Previous studies have reported that MDSCs may be one of the factors that contribute to resistance to anti‐PD‐1 treatment. , , Recently, Kim et al. reported that eradication of MDSCs in a mouse melanoma model was able to reverse resistance to anti‐CTLA‐4 treatment. On the basis of our results, combination therapy with CIK cells plus a PD‐1 blocking antibody may increase CD3+ CD16+ CD56+ T cells and thereby reverse the resistance to the anti‐PD‐1 antibody treatment and enhance the clinical response in patients with NSCLC.

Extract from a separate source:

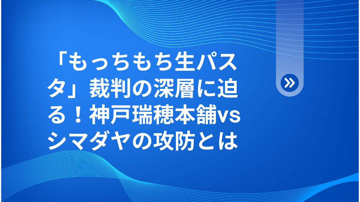 今回は、神戸瑞穂本舗とシマダヤの「もっちもちの生パスタ」裁判について、その背景から法的争点、そして業界への影響まで、健太の視点から深掘りしてきました🔍。

In conclusion, a pressing clinical challenge in NSCLC is the identification of optimal combination strategies that will increase the proportion of patients who benefit from treatment. The combination of CIK cells plus a PD‐1 blocking antibody appears to be well tolerated and have promising clinical activity, including high response rates and the potential for deep and durable responses. The findings of this study may provide some evidence of the clinical benefit of CIK cells administered in combination with a PD‐1 blocking antibody for patients with advanced NSCLC.

Disclosure

The authors report no conflicts of interest in this work.